CUDA is not available. Training on CPU.


In [7]:
data = pd.read_feather("../data/movie_reviews_4k.feather")

In [8]:
data.shape

(4000, 2)

In [9]:
data

Unnamed: 0,text,label
0,I wanted to vote zero or lower. I loved the co...,0
1,"Karen(Bobbie Phillips)mentions, after one of h...",0
2,This review applies for the cut of the film th...,0
3,"The best film on the battle of San Antonio, Te...",1
4,"In theory, 'Director's Commentary' should have...",0
...,...,...
3995,Excellent show. Instead of watching the same o...,1
3996,"It's hard to believe an ""action"" packed Jet Li...",0
3997,Me and my girlfriend went to see this movie as...,0
3998,This movie is my all time favorite!!! You real...,1


## Load Tokenizer

In [10]:
class SentimentDataset(Dataset):
    def __init__(self, encodings, labels):
        self.encodings = encodings
        self.labels = labels

    def __getitem__(self, idx):
        item = {key: torch.tensor(val[idx]) for key, val in self.encodings.items()}
        item['labels'] = torch.tensor(self.labels[idx])
        return item

    def __len__(self):
        return len(self.labels)

In [11]:
tokenizer = DistilBertTokenizerFast.from_pretrained('distilbert-base-uncased')

## Train test split

In [12]:
texts = data['text'].tolist()
labels = data['label'].tolist()

encodings = tokenizer(texts, truncation=True, padding=True, max_length=128)

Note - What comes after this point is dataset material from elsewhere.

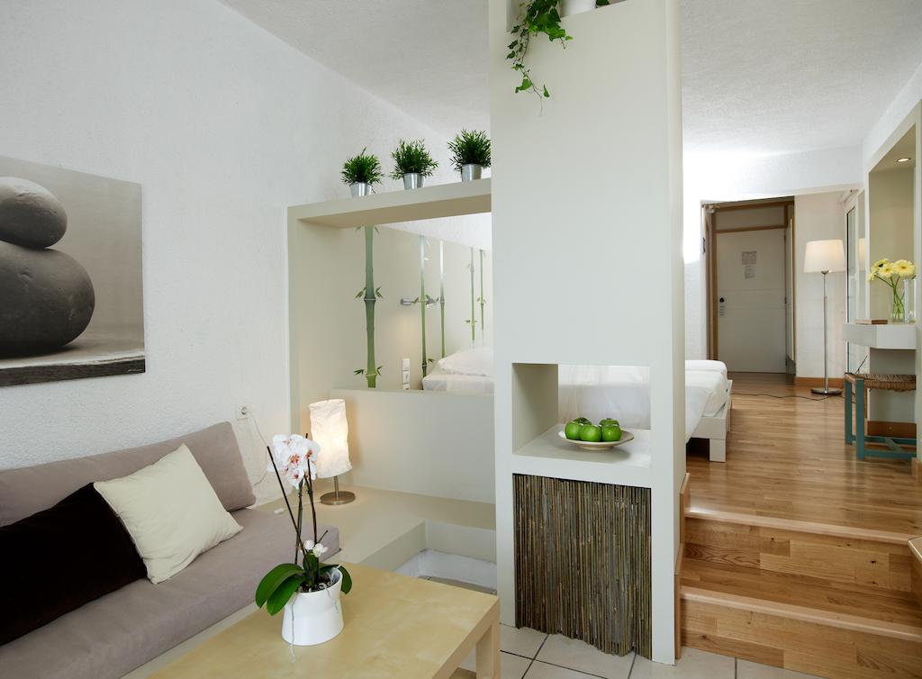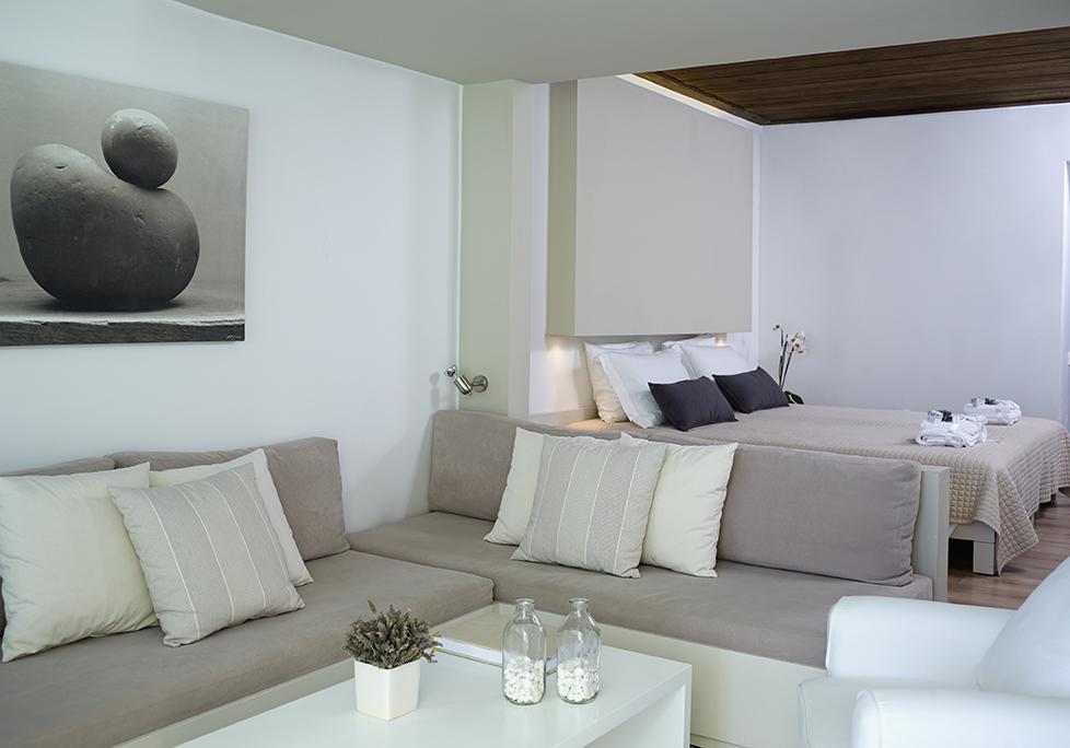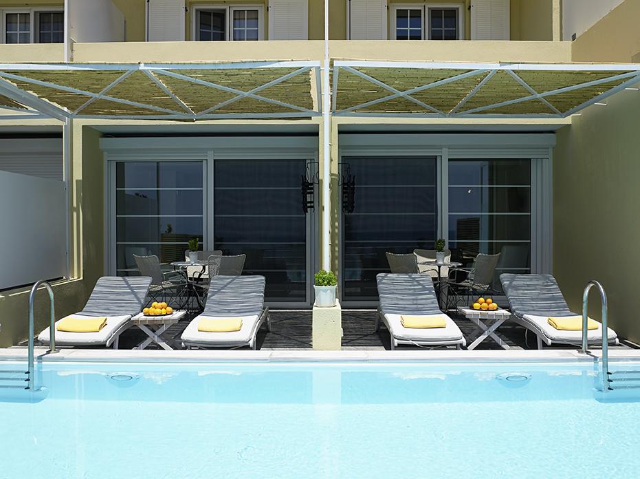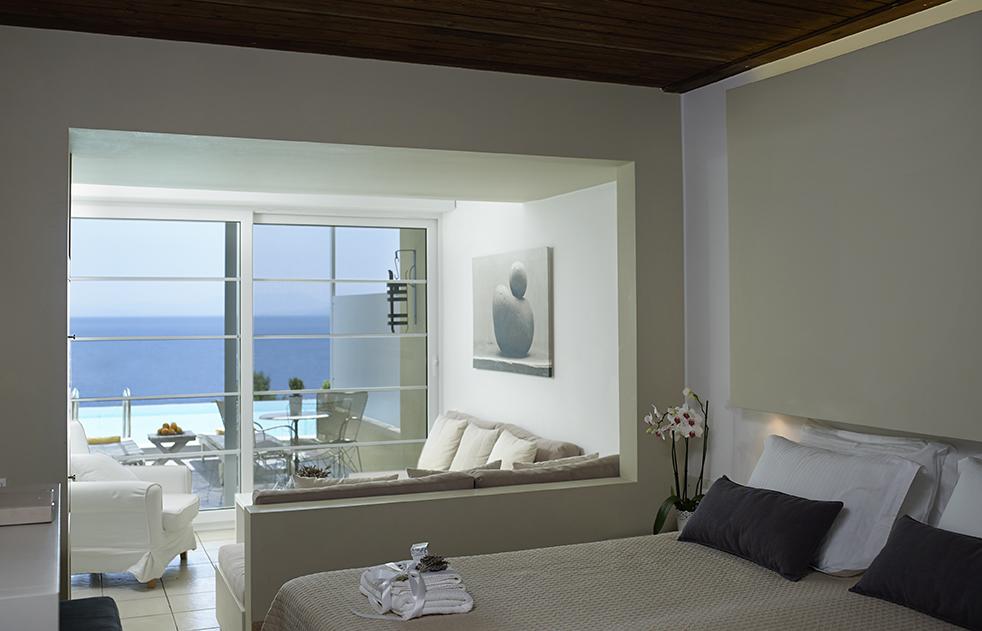 Caratterizzate da una combinazione di arredi contemporanei e tradizionali, le camere e le suite dell'Atrium sono climatizzate e includono una TV satellitare a schermo piatto, una cassaforte, un frigorifero e un bagno moderno con doccia o vasca e set di cortesia. La maggior parte delle sistemazioni regala una vista sul mare, mentre alcune presentano una piscina privata o una vasca idromassaggio.

df_encodings = pd.DataFrame({'input_ids': encodings['input_ids'], 
                             'attention_mask': encodings['attention_mask'], 
                             'labels': labels})

In [19]:
train_df, val_df = train_test_split(df_encodings, test_size=0.2, random_state=42)

In [20]:
train_dataset = SentimentDataset({'input_ids': train_df['input_ids'].tolist(), 
                                  'attention_mask': train_df['attention_mask'].tolist()}, 
                                 train_df['labels'].tolist())

val_dataset = SentimentDataset({'input_ids': val_df['input_ids'].tolist(), 
                                'attention_mask': val_df['attention_mask'].tolist()}, 
                               val_df['labels'].tolist())

## Load Pretrained model

In [21]:
pip install --upgrade accelerate

huggingface/tokenizers: The current process just got forked, after parallelism has already been used. Disabling parallelism to avoid deadlocks...
	- Avoid using `tokenizers` before the fork if possible
	- Explicitly set the environment variable TOKENIZERS_PARALLELISM=(true | false)
Note: you may need to restart the kernel to use updated packages.


In [22]:
model = DistilBertForSequenceClassification.from_pretrained('distilbert-base-uncased')

Some weights of the model checkpoint at distilbert-base-uncased were not used when initializing DistilBertForSequenceClassification: ['vocab_transform.bias', 'vocab_projector.bias', 'vocab_layer_norm.bias', 'vocab_transform.weight', 'vocab_layer_norm.weight']
- This IS expected if you are initializing DistilBertForSequenceClassification from the checkpoint of a model trained on another task or with another architecture (e.g. initializing a BertForSequenceClassification model from a BertForPreTraining model).
- This IS NOT expected if you are initializing DistilBertForSequenceClassification from the checkpoint of a model that you expect to be exactly identical (initializing a BertForSequenceClassification model from a BertForSequenceClassification model).
Some weights of DistilBertForSequenceClassification were not initialized from the model checkpoint at distilbert-base-uncased and are newly initialized: ['pre_classifier.weight', 'classifier.bias', 'classifier.weight', 'pre_classifier.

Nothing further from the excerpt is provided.